* What to work on
Using the data that follows, output only the lines from the line with "Иш-чарага өрт өчүрүү-куткаруучулар" up to and including the line with "博搜搜为大家提供的网盘磁力资", exactly, leaving pictures aside.

* Given records
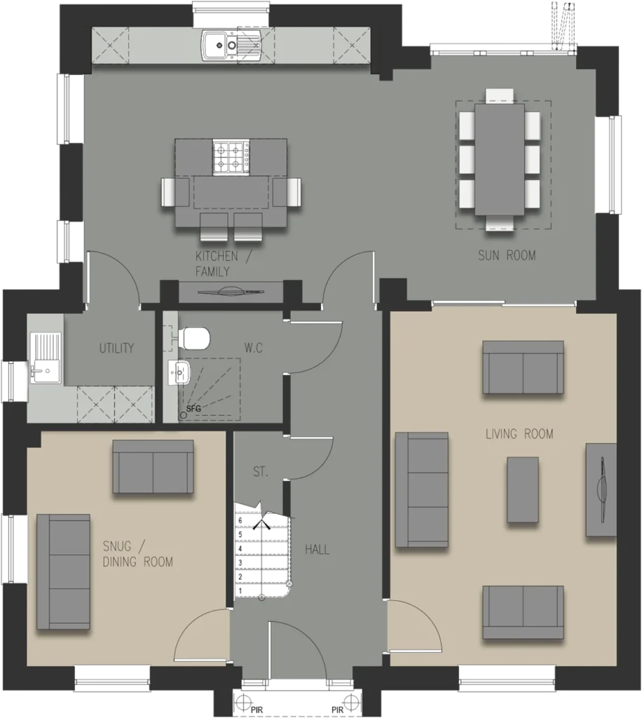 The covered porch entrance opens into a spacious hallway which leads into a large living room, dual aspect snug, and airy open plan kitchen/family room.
--
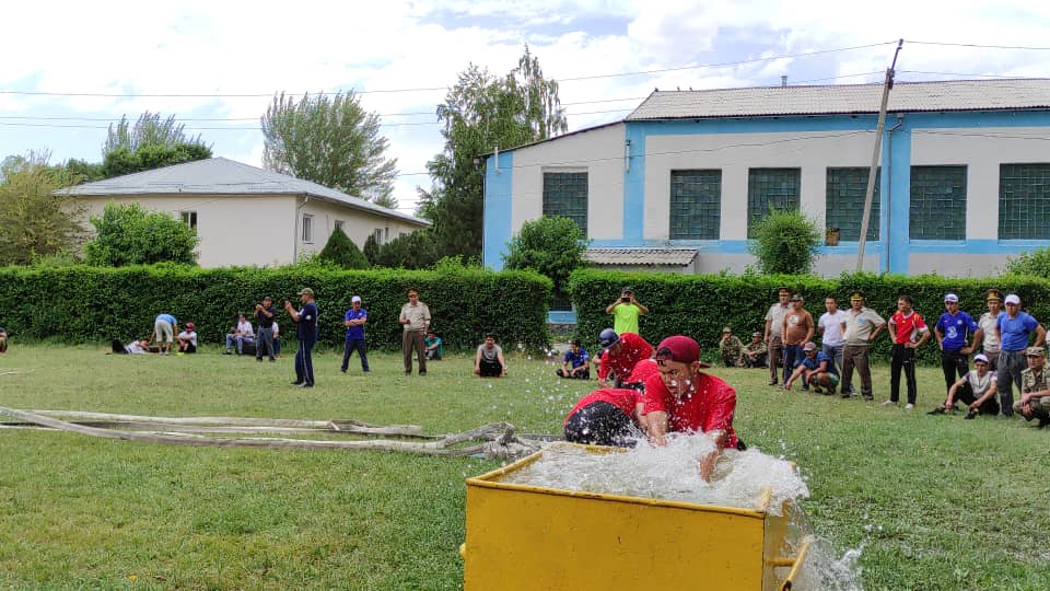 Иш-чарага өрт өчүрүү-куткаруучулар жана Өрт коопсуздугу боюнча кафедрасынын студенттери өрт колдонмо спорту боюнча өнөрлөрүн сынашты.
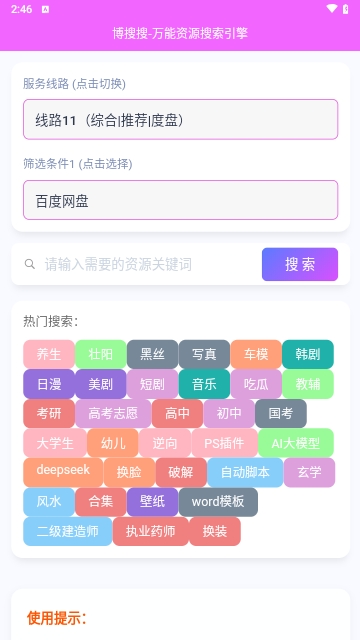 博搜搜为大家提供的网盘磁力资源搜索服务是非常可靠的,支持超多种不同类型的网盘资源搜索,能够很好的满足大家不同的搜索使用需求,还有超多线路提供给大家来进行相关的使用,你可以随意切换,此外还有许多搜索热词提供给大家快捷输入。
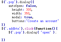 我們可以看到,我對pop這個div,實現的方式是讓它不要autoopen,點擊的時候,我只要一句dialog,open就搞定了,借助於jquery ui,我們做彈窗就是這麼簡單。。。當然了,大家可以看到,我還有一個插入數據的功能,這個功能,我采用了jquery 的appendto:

* Answer area
 Иш-чарага өрт өчүрүү-куткаруучулар жана Өрт коопсуздугу боюнча кафедрасынын студенттери өрт колдонмо спорту боюнча өнөрлөрүн сынашты.
 博搜搜为大家提供的网盘磁力资源搜索服务是非常可靠的,支持超多种不同类型的网盘资源搜索,能够很好的满足大家不同的搜索使用需求,还有超多线路提供给大家来进行相关的使用,你可以随意切换,此外还有许多搜索热词提供给大家快捷输入。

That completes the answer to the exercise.